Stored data
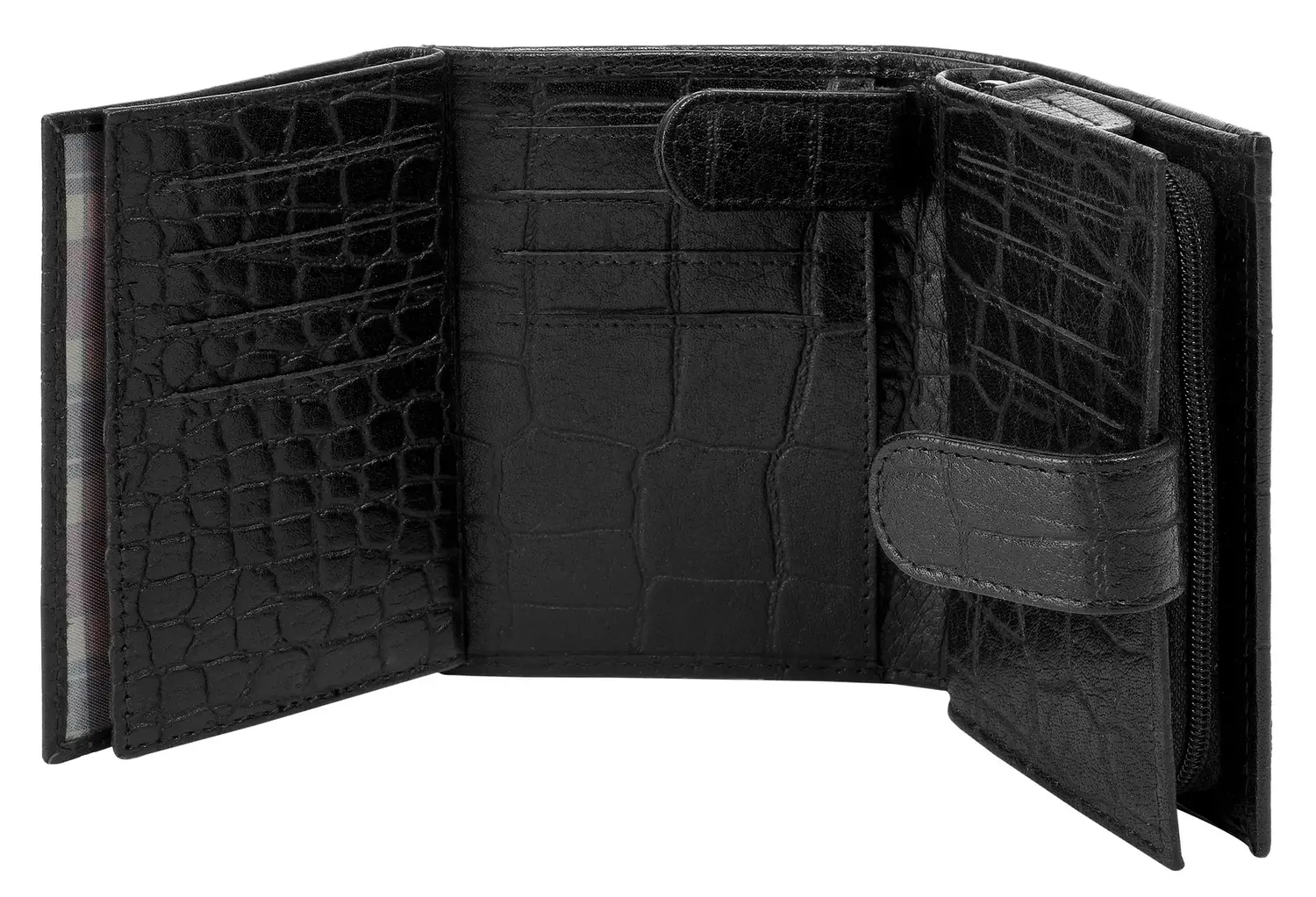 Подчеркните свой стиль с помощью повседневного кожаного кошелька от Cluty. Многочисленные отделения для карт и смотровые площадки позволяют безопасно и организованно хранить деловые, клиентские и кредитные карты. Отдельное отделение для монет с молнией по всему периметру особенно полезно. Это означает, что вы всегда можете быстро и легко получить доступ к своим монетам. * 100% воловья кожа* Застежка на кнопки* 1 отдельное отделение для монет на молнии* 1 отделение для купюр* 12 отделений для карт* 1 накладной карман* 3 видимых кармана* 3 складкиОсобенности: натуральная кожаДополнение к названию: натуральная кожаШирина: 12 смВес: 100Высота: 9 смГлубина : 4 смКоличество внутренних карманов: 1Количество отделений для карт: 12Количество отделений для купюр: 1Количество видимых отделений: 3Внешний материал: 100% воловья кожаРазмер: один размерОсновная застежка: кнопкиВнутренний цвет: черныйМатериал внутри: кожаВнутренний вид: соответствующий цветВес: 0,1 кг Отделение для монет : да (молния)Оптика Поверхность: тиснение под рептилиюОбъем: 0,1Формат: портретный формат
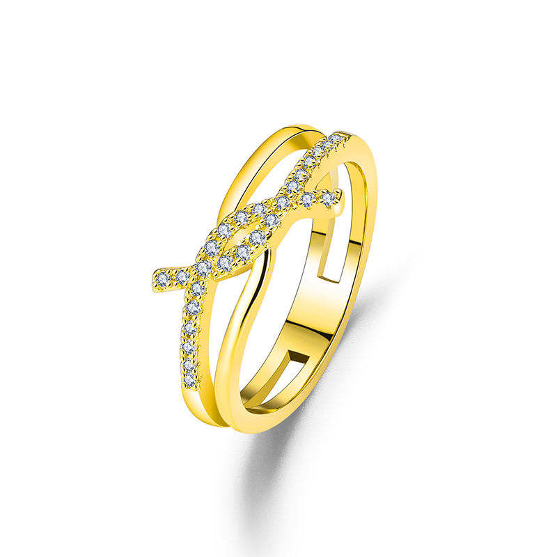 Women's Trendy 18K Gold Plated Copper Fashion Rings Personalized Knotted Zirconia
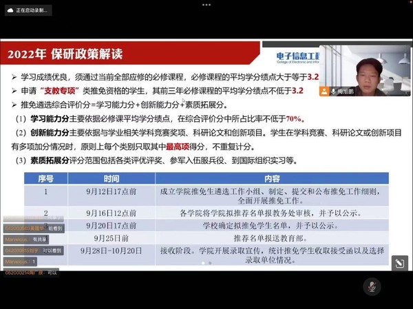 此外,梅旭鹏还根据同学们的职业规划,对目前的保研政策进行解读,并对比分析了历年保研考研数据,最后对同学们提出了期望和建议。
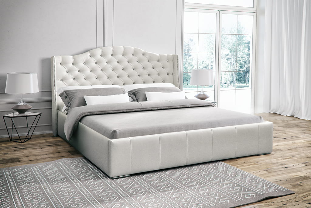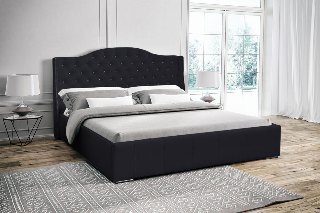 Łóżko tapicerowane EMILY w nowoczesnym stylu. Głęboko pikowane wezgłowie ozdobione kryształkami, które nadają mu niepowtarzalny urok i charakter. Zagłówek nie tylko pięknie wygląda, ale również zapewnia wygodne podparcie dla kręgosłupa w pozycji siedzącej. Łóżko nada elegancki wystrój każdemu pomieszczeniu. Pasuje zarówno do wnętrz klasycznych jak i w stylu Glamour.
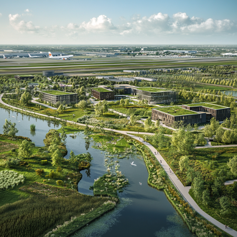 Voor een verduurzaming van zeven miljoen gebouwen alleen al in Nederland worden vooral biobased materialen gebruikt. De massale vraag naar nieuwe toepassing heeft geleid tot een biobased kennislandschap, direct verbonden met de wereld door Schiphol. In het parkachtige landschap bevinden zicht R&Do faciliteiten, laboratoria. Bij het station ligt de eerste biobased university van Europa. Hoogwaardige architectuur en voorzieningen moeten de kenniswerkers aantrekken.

(Activity)
The output should consist of the records above, reproduced exactly, without pictures.

(Result for this task)
 Подчеркните свой стиль с помощью повседневного кожаного кошелька от Cluty. Многочисленные отделения для карт и смотровые площадки позволяют безопасно и организованно хранить деловые, клиентские и кредитные карты. Отдельное отделение для монет с молнией по всему периметру особенно полезно. Это означает, что вы всегда можете быстро и легко получить доступ к своим монетам. * 100% воловья кожа* Застежка на кнопки* 1 отдельное отделение для монет на молнии* 1 отделение для купюр* 12 отделений для карт* 1 накладной карман* 3 видимых кармана* 3 складкиОсобенности: натуральная кожаДополнение к названию: натуральная кожаШирина: 12 смВес: 100Высота: 9 смГлубина : 4 смКоличество внутренних карманов: 1Количество отделений для карт: 12Количество отделений для купюр: 1Количество видимых отделений: 3Внешний материал: 100% воловья кожаРазмер: один размерОсновная застежка: кнопкиВнутренний цвет: черныйМатериал внутри: кожаВнутренний вид: соответствующий цветВес: 0,1 кг Отделение для монет : да (молния)Оптика Поверхность: тиснение под рептилиюОбъем: 0,1Формат: портретный формат
 Women's Trendy 18K Gold Plated Copper Fashion Rings Personalized Knotted Zirconia
 此外,梅旭鹏还根据同学们的职业规划,对目前的保研政策进行解读,并对比分析了历年保研考研数据,最后对同学们提出了期望和建议。
 Łóżko tapicerowane EMILY w nowoczesnym stylu. Głęboko pikowane wezgłowie ozdobione kryształkami, które nadają mu niepowtarzalny urok i charakter. Zagłówek nie tylko pięknie wygląda, ale również zapewnia wygodne podparcie dla kręgosłupa w pozycji siedzącej. Łóżko nada elegancki wystrój każdemu pomieszczeniu. Pasuje zarówno do wnętrz klasycznych jak i w stylu Glamour.
 Voor een verduurzaming van zeven miljoen gebouwen alleen al in Nederland worden vooral biobased materialen gebruikt. De massale vraag naar nieuwe toepassing heeft geleid tot een biobased kennislandschap, direct verbonden met de wereld door Schiphol. In het parkachtige landschap bevinden zicht R&Do faciliteiten, laboratoria. Bij het station ligt de eerste biobased university van Europa. Hoogwaardige architectuur en voorzieningen moeten de kenniswerkers aantrekken.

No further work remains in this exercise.